▸ **Task goal**
Set down exactly the first line of the entries and every line after it, through the line with "أحداث اليوم - احتفلت".

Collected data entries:
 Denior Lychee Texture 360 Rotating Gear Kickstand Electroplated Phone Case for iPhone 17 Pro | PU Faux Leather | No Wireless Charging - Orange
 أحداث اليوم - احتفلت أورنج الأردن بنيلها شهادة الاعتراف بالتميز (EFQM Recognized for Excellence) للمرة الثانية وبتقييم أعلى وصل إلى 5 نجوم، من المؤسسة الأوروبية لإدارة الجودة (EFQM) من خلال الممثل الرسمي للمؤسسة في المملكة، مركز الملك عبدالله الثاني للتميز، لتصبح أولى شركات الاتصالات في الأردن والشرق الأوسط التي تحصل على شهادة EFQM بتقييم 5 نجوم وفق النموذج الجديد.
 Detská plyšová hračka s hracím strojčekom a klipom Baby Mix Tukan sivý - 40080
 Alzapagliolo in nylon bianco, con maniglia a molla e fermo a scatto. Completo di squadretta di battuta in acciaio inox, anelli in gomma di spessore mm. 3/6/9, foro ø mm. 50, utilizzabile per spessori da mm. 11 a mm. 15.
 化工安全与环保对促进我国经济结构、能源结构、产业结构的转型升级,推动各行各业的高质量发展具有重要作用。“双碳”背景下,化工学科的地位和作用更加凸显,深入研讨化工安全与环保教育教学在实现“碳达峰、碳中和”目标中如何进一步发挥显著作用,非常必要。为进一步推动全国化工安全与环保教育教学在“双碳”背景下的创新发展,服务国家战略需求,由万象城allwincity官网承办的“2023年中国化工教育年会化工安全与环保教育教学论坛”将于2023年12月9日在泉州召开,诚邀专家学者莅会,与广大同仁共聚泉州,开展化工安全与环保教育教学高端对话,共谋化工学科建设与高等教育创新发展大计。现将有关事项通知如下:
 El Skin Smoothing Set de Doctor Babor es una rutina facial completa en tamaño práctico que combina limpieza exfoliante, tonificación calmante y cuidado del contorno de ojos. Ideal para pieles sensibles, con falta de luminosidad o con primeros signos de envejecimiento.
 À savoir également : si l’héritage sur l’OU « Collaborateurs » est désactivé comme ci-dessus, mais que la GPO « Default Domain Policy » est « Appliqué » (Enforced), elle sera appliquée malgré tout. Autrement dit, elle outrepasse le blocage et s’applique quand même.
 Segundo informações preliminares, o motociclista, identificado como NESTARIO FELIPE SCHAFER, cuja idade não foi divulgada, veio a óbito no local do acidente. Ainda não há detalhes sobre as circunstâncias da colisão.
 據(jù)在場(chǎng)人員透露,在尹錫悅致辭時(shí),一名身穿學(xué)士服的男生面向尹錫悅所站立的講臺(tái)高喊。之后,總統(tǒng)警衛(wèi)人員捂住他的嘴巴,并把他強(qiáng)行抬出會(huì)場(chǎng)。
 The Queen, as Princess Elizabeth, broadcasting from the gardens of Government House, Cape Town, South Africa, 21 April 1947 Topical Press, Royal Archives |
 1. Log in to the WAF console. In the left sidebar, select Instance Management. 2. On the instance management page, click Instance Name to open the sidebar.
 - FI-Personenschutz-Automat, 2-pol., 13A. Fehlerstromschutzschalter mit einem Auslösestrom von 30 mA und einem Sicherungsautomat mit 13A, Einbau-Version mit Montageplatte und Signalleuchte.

▸ **Your response**
 Denior Lychee Texture 360 Rotating Gear Kickstand Electroplated Phone Case for iPhone 17 Pro | PU Faux Leather | No Wireless Charging - Orange
 أحداث اليوم - احتفلت أورنج الأردن بنيلها شهادة الاعتراف بالتميز (EFQM Recognized for Excellence) للمرة الثانية وبتقييم أعلى وصل إلى 5 نجوم، من المؤسسة الأوروبية لإدارة الجودة (EFQM) من خلال الممثل الرسمي للمؤسسة في المملكة، مركز الملك عبدالله الثاني للتميز، لتصبح أولى شركات الاتصالات في الأردن والشرق الأوسط التي تحصل على شهادة EFQM بتقييم 5 نجوم وفق النموذج الجديد.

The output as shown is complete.